EXERCISE INSTRUCTIONS »
What you return should be the lines from the one with "Bangle stil Bärnstensarmband" through the one with "Visit Proof |" in the data below, reproduced exactly with both ends, and no pictures at all.

MATERIAL FOR THIS TASK »
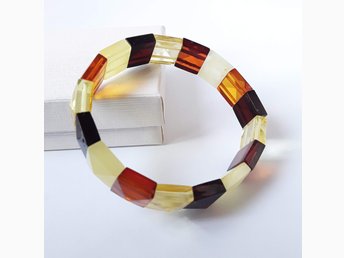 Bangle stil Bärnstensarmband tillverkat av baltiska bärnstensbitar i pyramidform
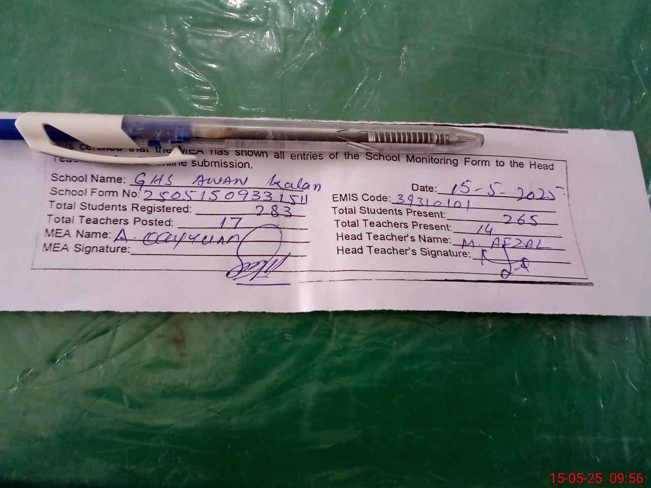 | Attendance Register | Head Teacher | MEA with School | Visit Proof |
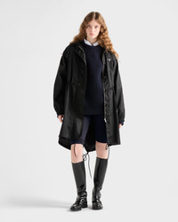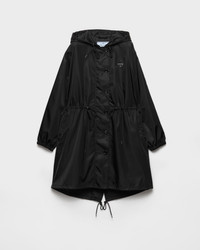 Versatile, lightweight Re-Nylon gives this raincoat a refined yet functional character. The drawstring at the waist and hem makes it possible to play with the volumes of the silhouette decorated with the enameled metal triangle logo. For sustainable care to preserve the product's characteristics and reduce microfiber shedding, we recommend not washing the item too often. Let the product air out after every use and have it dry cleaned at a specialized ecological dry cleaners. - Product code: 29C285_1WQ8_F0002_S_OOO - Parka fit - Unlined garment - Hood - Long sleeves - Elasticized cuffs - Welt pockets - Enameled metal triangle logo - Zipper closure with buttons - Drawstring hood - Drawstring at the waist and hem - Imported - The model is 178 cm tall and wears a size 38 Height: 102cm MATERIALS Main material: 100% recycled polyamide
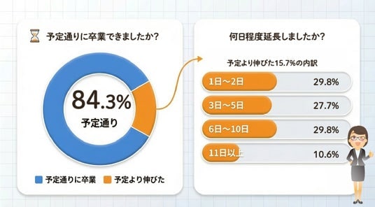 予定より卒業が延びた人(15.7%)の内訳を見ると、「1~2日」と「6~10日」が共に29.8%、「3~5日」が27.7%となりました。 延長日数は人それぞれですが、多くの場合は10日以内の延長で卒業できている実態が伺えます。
--
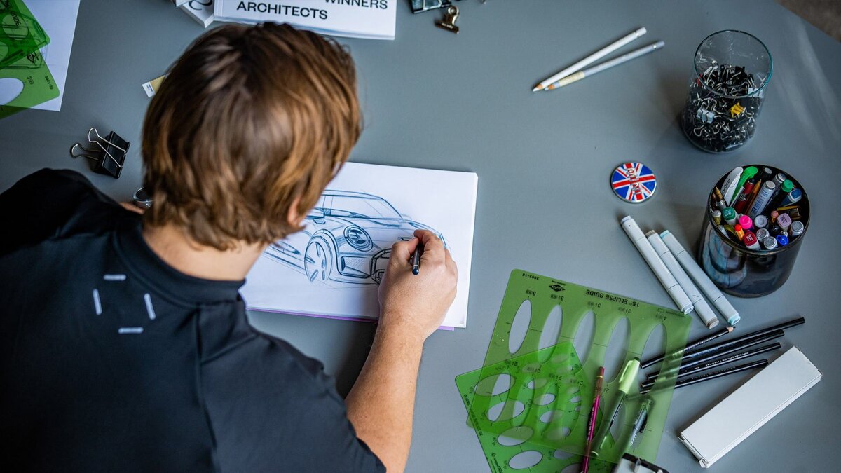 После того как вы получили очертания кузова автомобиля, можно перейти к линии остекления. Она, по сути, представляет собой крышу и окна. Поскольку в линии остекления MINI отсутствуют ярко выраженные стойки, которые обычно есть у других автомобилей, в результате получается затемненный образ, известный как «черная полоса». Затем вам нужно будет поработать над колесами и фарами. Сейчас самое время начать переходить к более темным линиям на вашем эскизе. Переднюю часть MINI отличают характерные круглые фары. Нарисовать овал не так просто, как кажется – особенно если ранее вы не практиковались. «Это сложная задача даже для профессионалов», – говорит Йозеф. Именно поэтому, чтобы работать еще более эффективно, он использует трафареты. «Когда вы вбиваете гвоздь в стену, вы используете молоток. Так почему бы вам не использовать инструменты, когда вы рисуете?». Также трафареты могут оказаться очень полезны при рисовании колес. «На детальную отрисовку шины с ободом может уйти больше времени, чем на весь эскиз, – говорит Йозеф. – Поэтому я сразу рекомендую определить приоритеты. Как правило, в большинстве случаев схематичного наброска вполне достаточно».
---
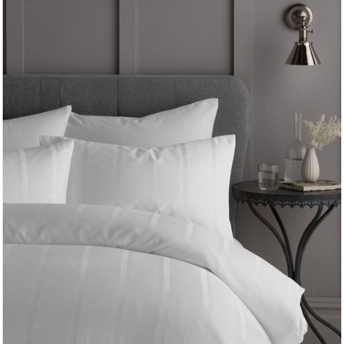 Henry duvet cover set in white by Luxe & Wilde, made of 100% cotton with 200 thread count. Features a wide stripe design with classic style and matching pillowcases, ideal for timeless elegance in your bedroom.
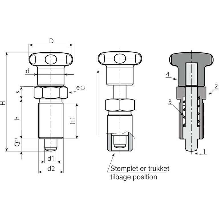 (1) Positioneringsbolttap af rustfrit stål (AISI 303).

WRITTEN ANSWER »
 Bangle stil Bärnstensarmband tillverkat av baltiska bärnstensbitar i pyramidform
 | Attendance Register | Head Teacher | MEA with School | Visit Proof |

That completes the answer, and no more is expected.